I want to use my opportunity for community outreach this month to talk about the very basics of preventative care, which is the basis of my daily practice. I talk about many things with my patients (not all about teeth, that would be awful!) and usually group my education time into three main segments: homecare, importance of office visits and basic understanding of the disease process.

First off with home care, often like a broken record, I advise brushing two times per day and flossing daily. If patients are not keen on the idea of floss, I recommend using other devices to clean between their teeth which are often accepted easily. Flossing or using other devices cleans 30-40 percent of your tooth structure that is not cleaned with just brushing alone. I often recommend that patients use a mouth rinse which helps your gum tissues fight infection.

Second, I encourage patients to return to the office at regular intervals for in-office treatment and exams. During your dental cleanings, your hygienist can make sure all of the plaque and bacteria that stick to your teeth is removed and help clean areas which are hard for you to access. The dentist will also do an exam and periodically take radiographs to look for bone loss, cavities or other conditions that have appeared since your last exam.

Last, it is important to know why you do these things! Plaque is a collection of bacteria that live on your teeth and gums. When you brush, floss and rinse, you are removing the bacteria from your mouth so they cannot cause issues like cavities and bone loss. If homecare was enough, you wouldn't have to come have your teeth cleaned, but truly, it is not.

Because plaque is bacteria, if you don't get it all cleaned out of your mouth, it creates an infection. That infection starts out as gingivitis, a term most people are familiar with, which simply means an infection of your gum tissue. If it is not controlled, it progresses through the tissue and into the bone and your bone starts to break down. This is called Periodontitis.
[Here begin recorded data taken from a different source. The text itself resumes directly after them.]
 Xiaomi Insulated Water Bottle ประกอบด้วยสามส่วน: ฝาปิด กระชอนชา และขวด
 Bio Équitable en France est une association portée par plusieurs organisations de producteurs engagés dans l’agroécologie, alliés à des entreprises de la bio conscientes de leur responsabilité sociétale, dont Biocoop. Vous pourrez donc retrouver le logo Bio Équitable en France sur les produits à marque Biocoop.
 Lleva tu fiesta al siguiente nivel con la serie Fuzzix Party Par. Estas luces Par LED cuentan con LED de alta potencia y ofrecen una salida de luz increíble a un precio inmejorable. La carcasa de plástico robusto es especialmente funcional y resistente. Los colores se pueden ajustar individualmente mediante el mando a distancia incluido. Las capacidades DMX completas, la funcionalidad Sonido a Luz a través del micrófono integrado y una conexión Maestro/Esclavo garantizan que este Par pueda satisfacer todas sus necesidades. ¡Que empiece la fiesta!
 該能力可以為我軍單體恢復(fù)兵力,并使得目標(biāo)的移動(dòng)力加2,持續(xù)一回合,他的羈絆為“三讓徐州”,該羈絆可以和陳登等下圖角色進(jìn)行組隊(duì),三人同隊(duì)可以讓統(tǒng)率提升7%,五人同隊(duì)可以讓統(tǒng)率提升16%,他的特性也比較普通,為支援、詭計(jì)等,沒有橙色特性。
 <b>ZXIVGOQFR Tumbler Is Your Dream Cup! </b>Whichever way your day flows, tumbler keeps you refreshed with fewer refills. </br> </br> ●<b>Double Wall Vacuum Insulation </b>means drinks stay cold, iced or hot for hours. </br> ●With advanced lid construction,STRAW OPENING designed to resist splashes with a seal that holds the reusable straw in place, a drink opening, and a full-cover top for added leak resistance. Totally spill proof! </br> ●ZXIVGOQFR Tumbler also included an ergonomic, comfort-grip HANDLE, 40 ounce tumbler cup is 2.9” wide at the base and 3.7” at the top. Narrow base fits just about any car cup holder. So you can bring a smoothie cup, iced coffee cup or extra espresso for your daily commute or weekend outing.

In advanced cases of Periodontitis, your teeth may become loose, or even fall out. Both Gingivitis and Periodontitis are considered "Periodontal Disease." Did you know that 50 percent of adults age 30 and over have some form of periodontal disease, with this number jumping to more than 70 percent of adults age 65 and over?

With numbers that high, it should make sense as to why regular dental care is essential! It is also important to note that even if you think your mouth is healthy, both stages of the disease are usually painless and asymptomatic, so patients have no idea they are in a diseased state!

While I understand that access to dental care may be difficult and sometimes costly, I still encourage you to make it a priority, even if you can't come in as often as recommended. Your dental hygienist will appreciate your conscious effort to take an active role in your oral health.

At the end of the day, we just want you to know that with proper home care techniques, cavities and periodontal disease are completely preventable. Even if some disease has occurred, it is never too late to adopt and practice better home care techniques and improve your situation!